With the pictures omitted, repeat exactly the lines below starting with the line that has "Одним из символов" and going on through the line that has "オーム電機 マンガン乾電池 単2形(4本入パック)".
Data in this exercise START
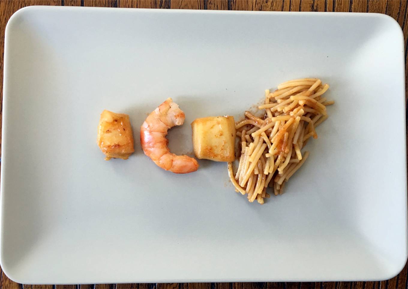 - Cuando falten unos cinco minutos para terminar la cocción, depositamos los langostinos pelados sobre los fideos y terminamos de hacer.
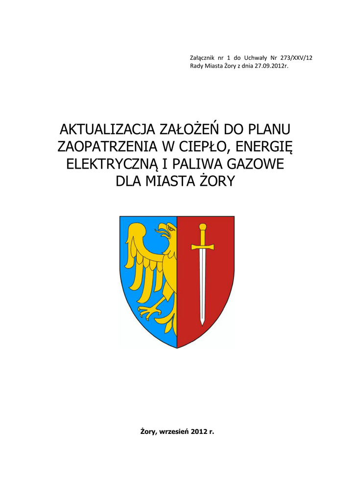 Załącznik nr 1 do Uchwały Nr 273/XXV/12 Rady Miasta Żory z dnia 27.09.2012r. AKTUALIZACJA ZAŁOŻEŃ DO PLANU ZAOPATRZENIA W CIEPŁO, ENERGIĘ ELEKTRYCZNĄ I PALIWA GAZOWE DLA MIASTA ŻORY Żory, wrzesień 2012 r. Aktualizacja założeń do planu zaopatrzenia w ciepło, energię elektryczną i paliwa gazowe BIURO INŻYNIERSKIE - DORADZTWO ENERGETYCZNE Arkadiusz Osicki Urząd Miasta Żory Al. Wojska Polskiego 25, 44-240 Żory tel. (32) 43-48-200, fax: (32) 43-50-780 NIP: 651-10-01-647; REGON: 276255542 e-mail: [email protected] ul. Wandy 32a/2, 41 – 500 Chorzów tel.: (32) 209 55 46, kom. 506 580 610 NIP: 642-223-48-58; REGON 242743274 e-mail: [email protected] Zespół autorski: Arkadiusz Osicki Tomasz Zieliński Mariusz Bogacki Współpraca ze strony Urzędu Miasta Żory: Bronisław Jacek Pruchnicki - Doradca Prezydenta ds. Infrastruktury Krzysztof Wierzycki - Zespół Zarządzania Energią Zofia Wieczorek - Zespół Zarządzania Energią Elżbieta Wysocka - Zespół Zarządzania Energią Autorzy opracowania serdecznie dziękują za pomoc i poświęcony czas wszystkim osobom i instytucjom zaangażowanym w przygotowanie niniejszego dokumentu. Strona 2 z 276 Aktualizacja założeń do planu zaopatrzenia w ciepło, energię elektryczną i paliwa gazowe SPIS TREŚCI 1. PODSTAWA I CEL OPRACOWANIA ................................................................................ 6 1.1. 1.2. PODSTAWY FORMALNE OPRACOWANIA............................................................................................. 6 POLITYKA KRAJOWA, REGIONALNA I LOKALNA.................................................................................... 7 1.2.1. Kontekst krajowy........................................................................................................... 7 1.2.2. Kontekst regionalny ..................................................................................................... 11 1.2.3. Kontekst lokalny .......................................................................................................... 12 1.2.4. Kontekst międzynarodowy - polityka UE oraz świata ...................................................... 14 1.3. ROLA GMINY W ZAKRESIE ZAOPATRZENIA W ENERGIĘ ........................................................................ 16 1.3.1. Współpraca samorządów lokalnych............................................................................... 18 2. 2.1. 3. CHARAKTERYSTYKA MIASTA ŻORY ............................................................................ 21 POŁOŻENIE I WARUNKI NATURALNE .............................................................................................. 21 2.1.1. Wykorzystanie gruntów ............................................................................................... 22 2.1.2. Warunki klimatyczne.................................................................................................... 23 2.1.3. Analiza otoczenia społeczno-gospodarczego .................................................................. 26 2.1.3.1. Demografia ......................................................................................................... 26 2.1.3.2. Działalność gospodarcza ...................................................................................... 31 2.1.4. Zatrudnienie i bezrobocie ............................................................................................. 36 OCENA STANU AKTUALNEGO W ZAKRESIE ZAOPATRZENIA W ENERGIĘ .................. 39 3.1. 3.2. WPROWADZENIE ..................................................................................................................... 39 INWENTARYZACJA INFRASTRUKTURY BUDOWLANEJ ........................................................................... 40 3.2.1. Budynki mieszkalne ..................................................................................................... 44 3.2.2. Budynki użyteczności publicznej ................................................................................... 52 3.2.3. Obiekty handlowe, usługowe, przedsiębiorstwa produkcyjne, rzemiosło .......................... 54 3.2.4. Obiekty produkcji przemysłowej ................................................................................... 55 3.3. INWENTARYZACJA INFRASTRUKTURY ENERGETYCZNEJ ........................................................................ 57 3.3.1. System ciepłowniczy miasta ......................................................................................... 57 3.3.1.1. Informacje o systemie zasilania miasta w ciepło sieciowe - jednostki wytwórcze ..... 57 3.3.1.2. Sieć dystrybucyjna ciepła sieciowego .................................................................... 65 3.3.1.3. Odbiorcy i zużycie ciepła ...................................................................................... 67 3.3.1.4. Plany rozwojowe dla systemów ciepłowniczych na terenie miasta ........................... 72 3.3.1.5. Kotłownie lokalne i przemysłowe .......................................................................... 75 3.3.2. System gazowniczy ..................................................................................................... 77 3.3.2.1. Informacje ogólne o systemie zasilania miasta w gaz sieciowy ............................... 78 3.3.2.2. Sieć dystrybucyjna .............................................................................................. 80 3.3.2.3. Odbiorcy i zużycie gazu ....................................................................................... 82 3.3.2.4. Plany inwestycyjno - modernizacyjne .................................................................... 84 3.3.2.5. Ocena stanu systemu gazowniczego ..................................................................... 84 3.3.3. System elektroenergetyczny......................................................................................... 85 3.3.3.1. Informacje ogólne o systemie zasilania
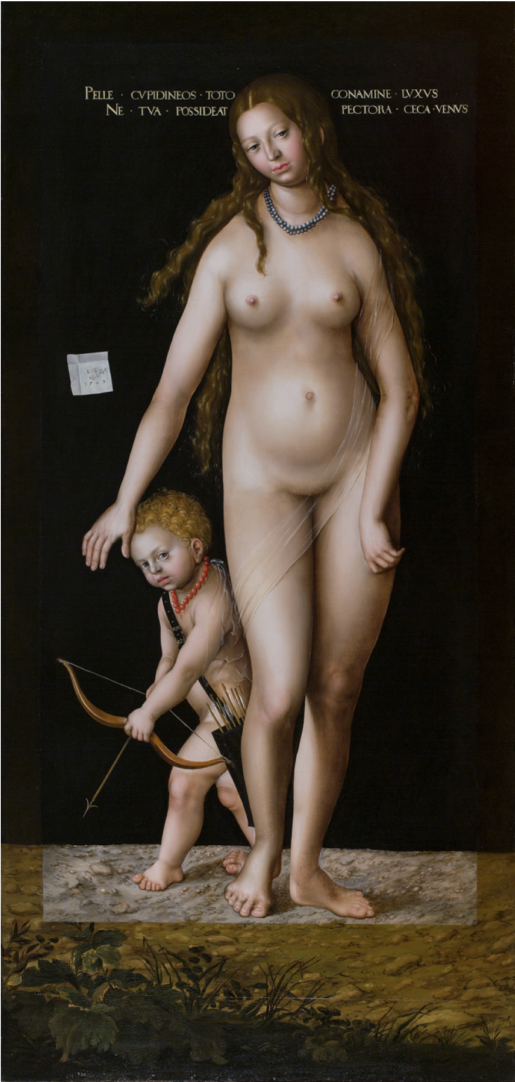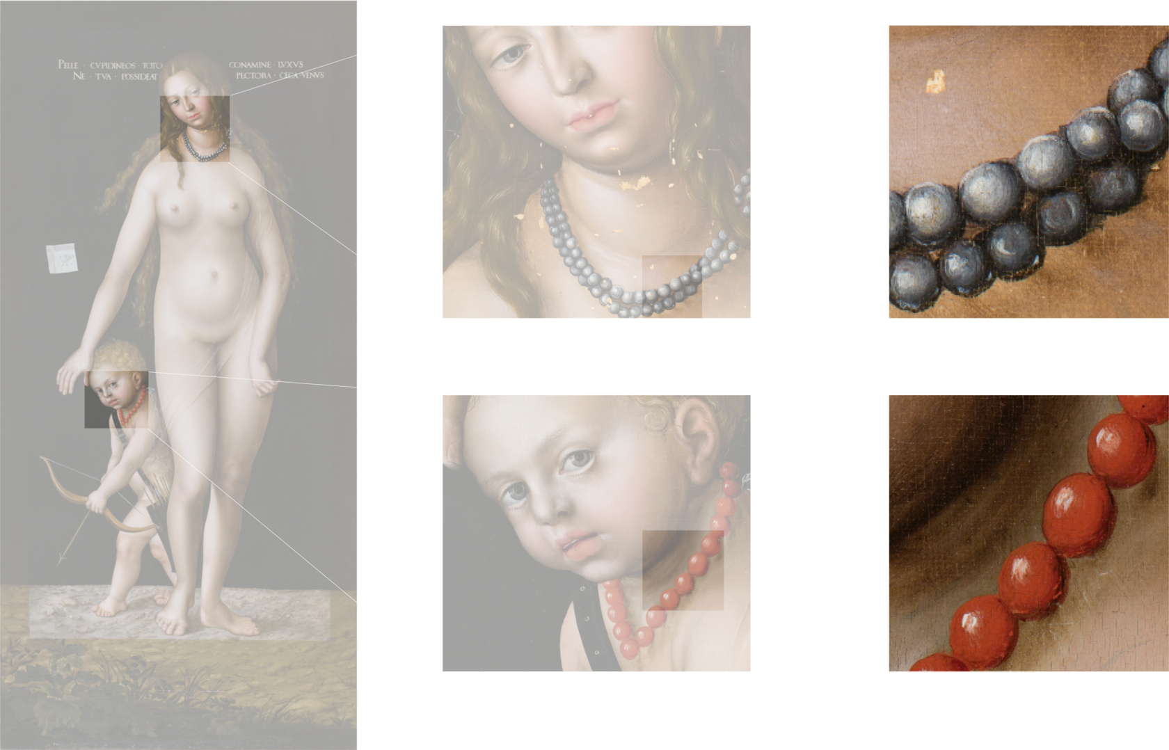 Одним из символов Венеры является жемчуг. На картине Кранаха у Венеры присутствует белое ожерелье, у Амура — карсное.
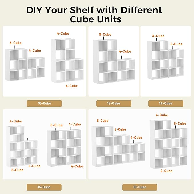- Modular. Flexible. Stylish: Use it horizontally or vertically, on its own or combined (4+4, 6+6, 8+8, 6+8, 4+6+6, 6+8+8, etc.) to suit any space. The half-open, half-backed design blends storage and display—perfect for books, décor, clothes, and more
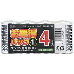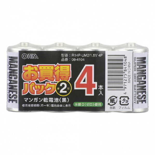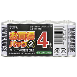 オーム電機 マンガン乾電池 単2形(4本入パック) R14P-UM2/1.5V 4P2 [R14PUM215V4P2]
Data in this exercise END
Data in this exercise START
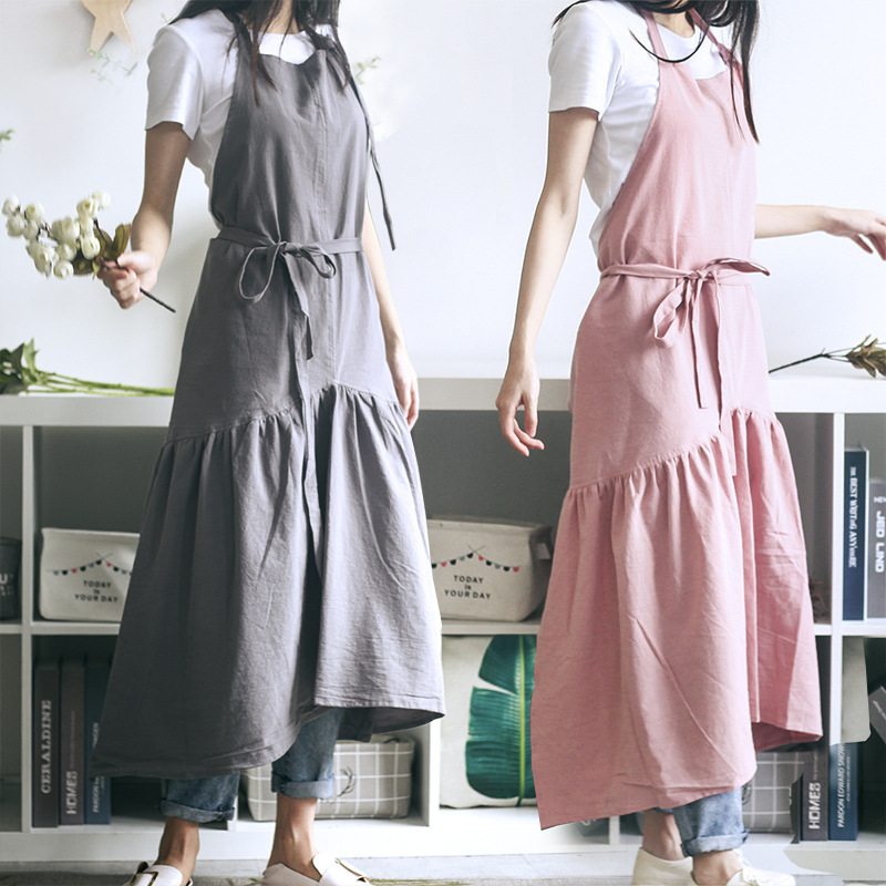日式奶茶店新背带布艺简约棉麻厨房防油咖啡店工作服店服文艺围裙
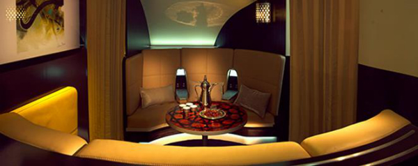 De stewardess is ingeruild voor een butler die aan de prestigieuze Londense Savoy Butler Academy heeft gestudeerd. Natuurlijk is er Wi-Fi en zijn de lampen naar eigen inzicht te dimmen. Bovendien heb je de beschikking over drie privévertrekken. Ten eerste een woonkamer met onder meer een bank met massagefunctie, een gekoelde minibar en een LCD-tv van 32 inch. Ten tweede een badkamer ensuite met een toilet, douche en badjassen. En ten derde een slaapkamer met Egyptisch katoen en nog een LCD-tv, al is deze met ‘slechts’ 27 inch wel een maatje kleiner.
Data in this exercise END
- [The answer]
 Одним из символов Венеры является жемчуг. На картине Кранаха у Венеры присутствует белое ожерелье, у Амура — карсное.
- Modular. Flexible. Stylish: Use it horizontally or vertically, on its own or combined (4+4, 6+6, 8+8, 6+8, 4+6+6, 6+8+8, etc.) to suit any space. The half-open, half-backed design blends storage and display—perfect for books, décor, clothes, and more
 オーム電機 マンガン乾電池 単2形(4本入パック) R14P-UM2/1.5V 4P2 [R14PUM215V4P2]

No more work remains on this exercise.